Let $s_1(u,v) = (x_1,y_1,z_1)$ parametrise the surface $S_1$.

Let $s_2(u,v) = (x_2,y_2,z_2)$ parametrise the surface $S_2$.

Solve for $u_1,u_2,u_3,u_4$ in the three simultaneous equations $$x_1(u_1,v_1) - x_2(u_2,v_2) = 0$$ $$y_1(u_1,v_1) - y_2(u_2,v_2) = 0$$ $$z_1(u_1,v_1) - z_2(u_2,v_2) = 0$$ In general, you may have infinitely many solutions. Each is a point of intersection. If you wish to know if these are points where the surfaces "touch", then you'll have to define what exactly you mean by that, and test for that criteria for every possible $u_1,v_1,u_2,v_2$.

Perhaps by "touch" you're referring to the kind of thing when two circles just barely kiss. If so, then you'd need to check that the subspace (i.e. plane) spanned by the derivative at the point of intersection is the same for both surfaces. i.e. if the surfaces are defined take the $\nabla f = (f_x, f_y)$ of each surface and make sure each is the same up to multiplication.

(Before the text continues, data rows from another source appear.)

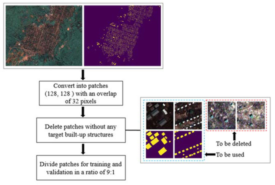 During data preparation, we firstly selected areas for training (and validation) and testing. The dimensions of the selected areas were kept the same for each camp across two seasons. Secondly, the selected training (and validation) data were converted into patches with an overlap of 32 pixels in a shape of (128, 128) pixels. This patch size has been applied in related research and proved to be effective [33]. Thirdly, we deleted patches without any target built-up structures to reduce the redundancy of the class Background, in turn, to improve training speed and reduce the imbalance between the class Target built-up structures and the class Background. Following that, the produced patches were divided into training patches and validation patches at a ratio of 9:1. The data preparation process is briefly shown in Figure 4 below. Table 1 shows the number of training and validation patches for the OBIA labels and the Manual labels.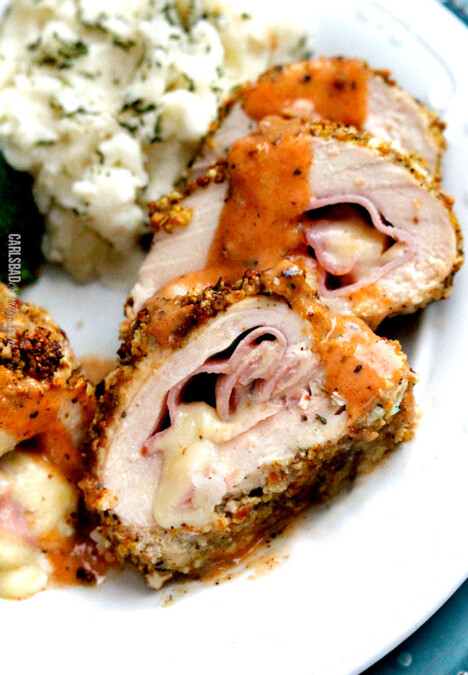 serving baked chicken cordon bleu on a plate with mashed potatoes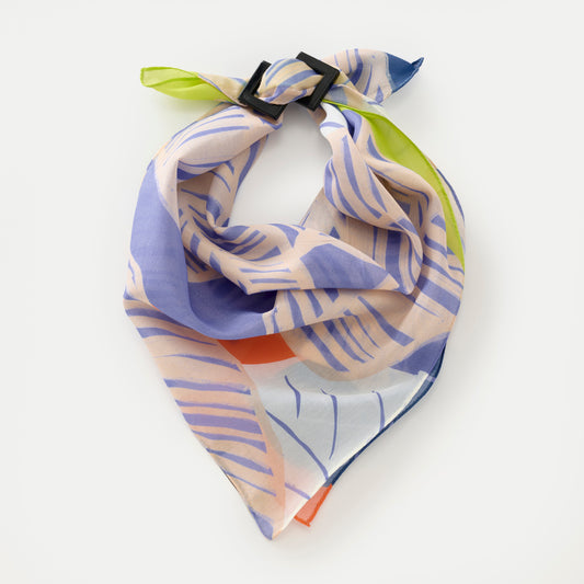 Japanese Printed Silk 'Polka Dot Queen' navy mini scarf with wave ring

There are other techniques you can employ, i.e. Lagrangian multipliers, but this depends on the specific surfaces you're dealing with. For example, you have an ellipsoid defined by $$g(x,y,z) = a(x-x_0)^2 + b(y-y_0)^2 + c(z-z_0)^2 = 0$$ You could could find intersections by solving for this intsead: $$g(s_2(u,v)) = 0$$

I'm not sure if there is a one-size-fits-all approach. You could write a Euclidean distance function $d(s_1(u_1,v_1),s_2(u_2,v_2))$ and solve for when this is $0$ instead.